## Aim of the task
From the first line of the material below through the line containing "Один з найпоширеніших", print every line exactly as it stands, but no pictures.

## The data
::::::
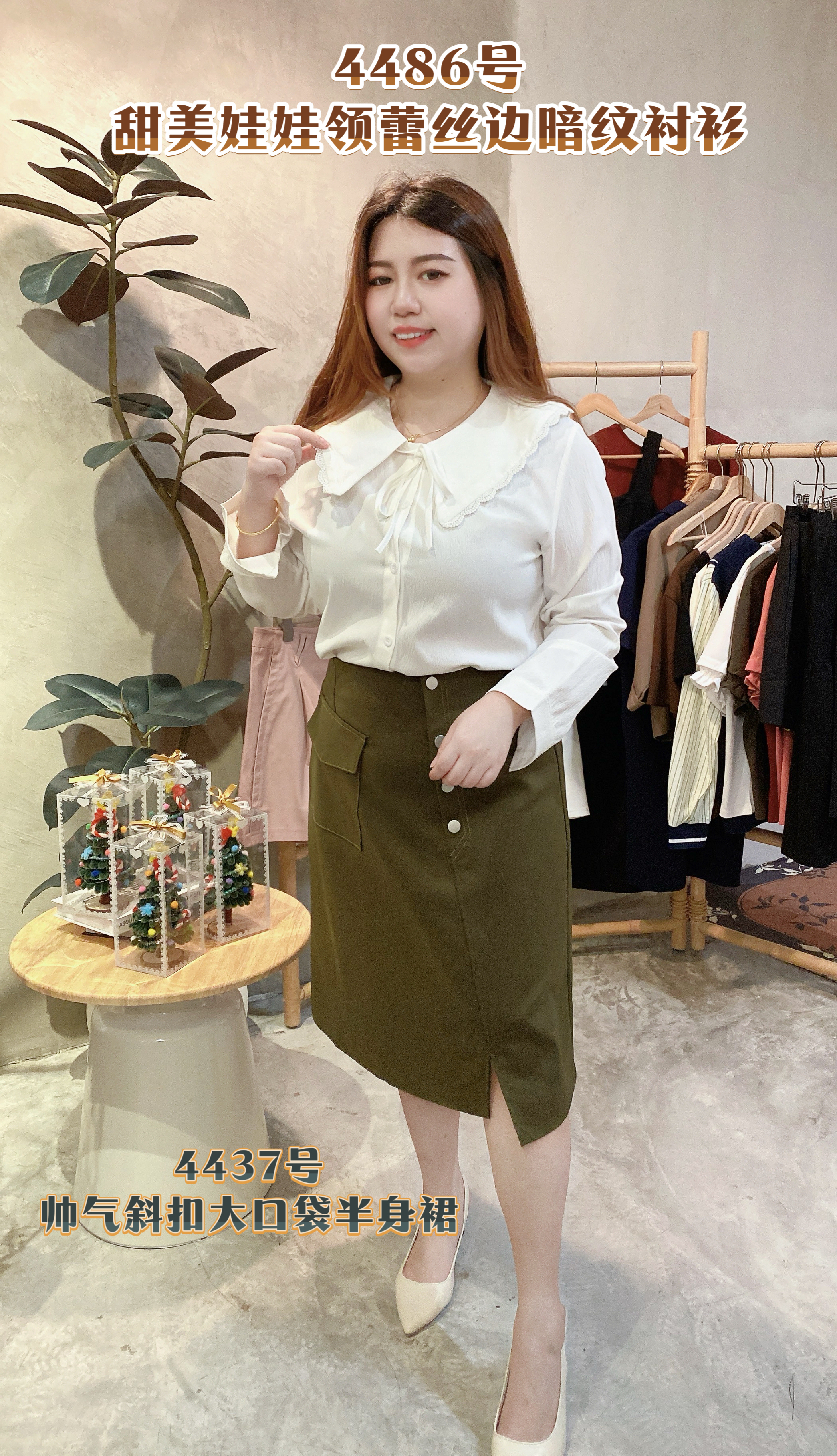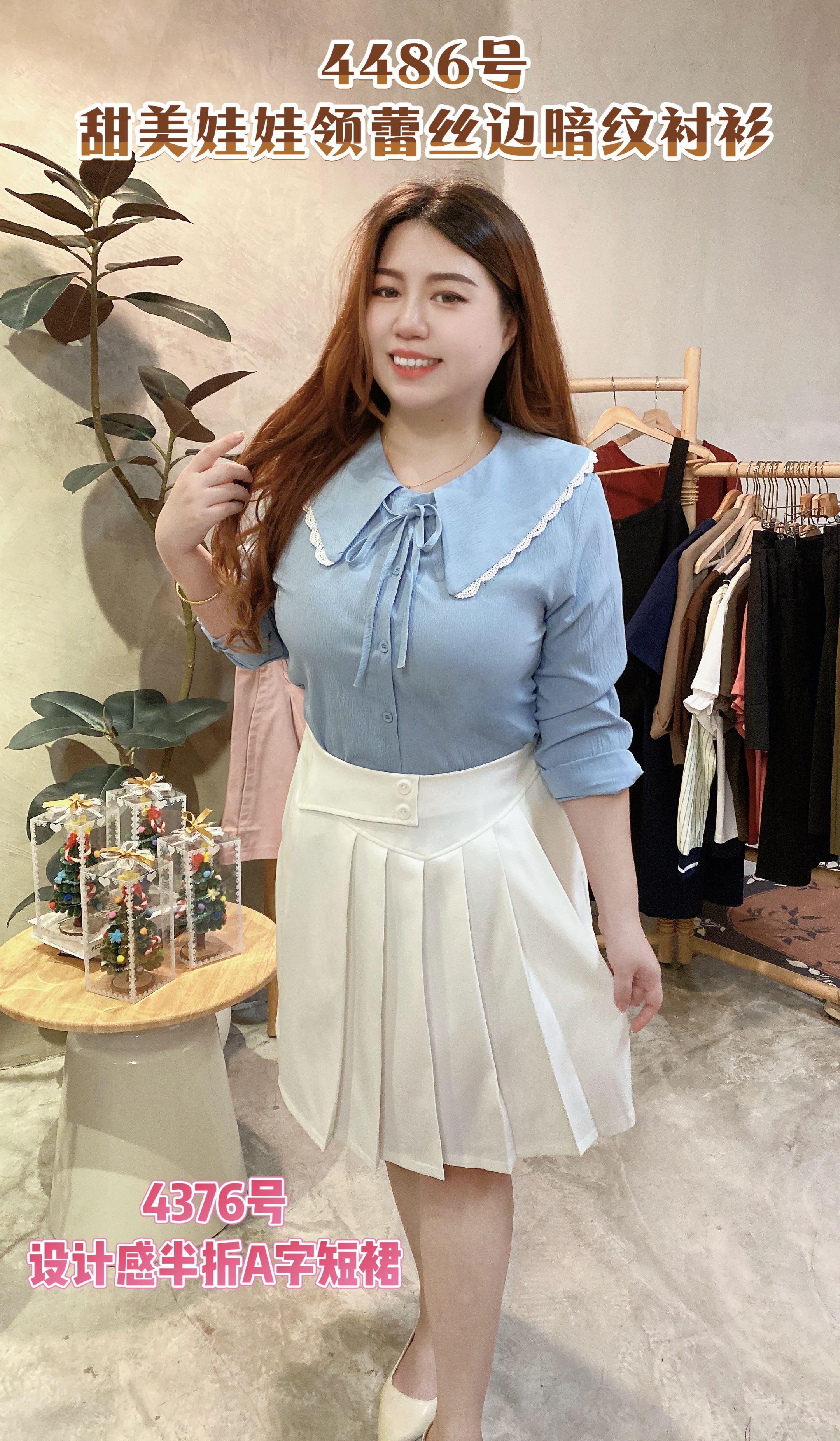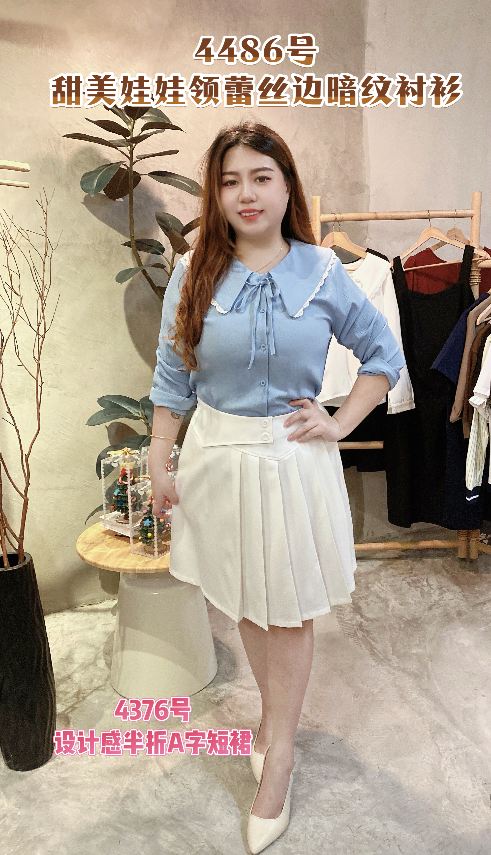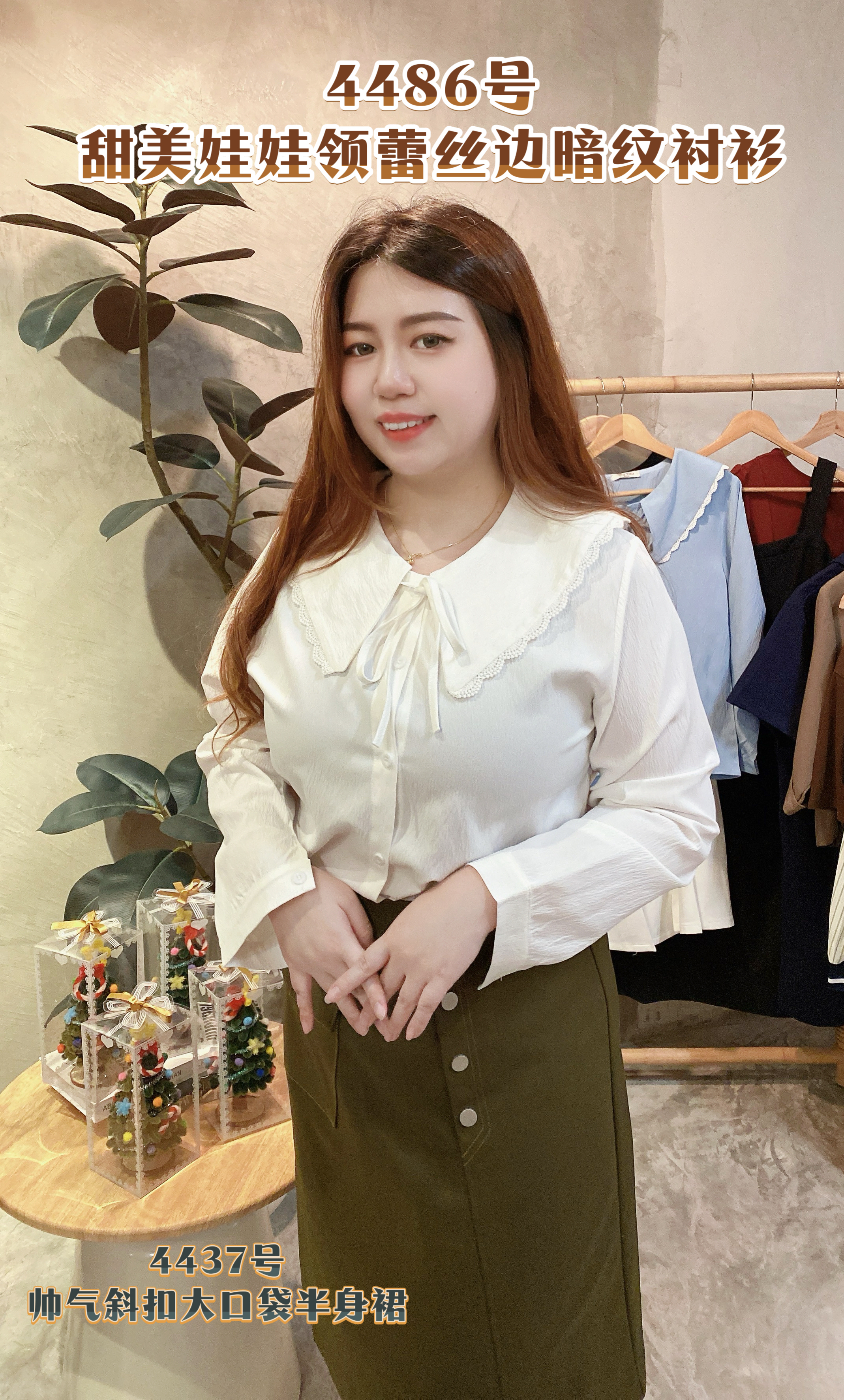🎀4486号-甜美娃娃领蕾丝边暗纹衬衫
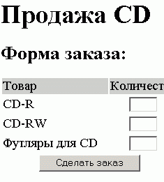Один з найпоширеніших додатків будь-якої мови створення серверних сценаріїв - обробка HTML-форм. Вивчення PHP почнемо з реалізації форми замовлення для вигаданої компанії із продажу компакт дисків. Всі вихідні коди наведені нижче.
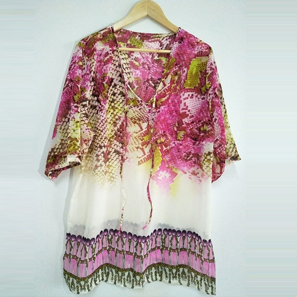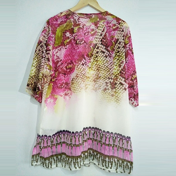 and eye-catching printed pattern,designed with short sleeve,v-neck and a loose silhouette,this item not only can protect
::::::
## Solution to this task
🎀4486号-甜美娃娃领蕾丝边暗纹衬衫
Один з найпоширеніших додатків будь-якої мови створення серверних сценаріїв - обробка HTML-форм. Вивчення PHP почнемо з реалізації форми замовлення для вигаданої компанії із продажу компакт дисків. Всі вихідні коди наведені нижче.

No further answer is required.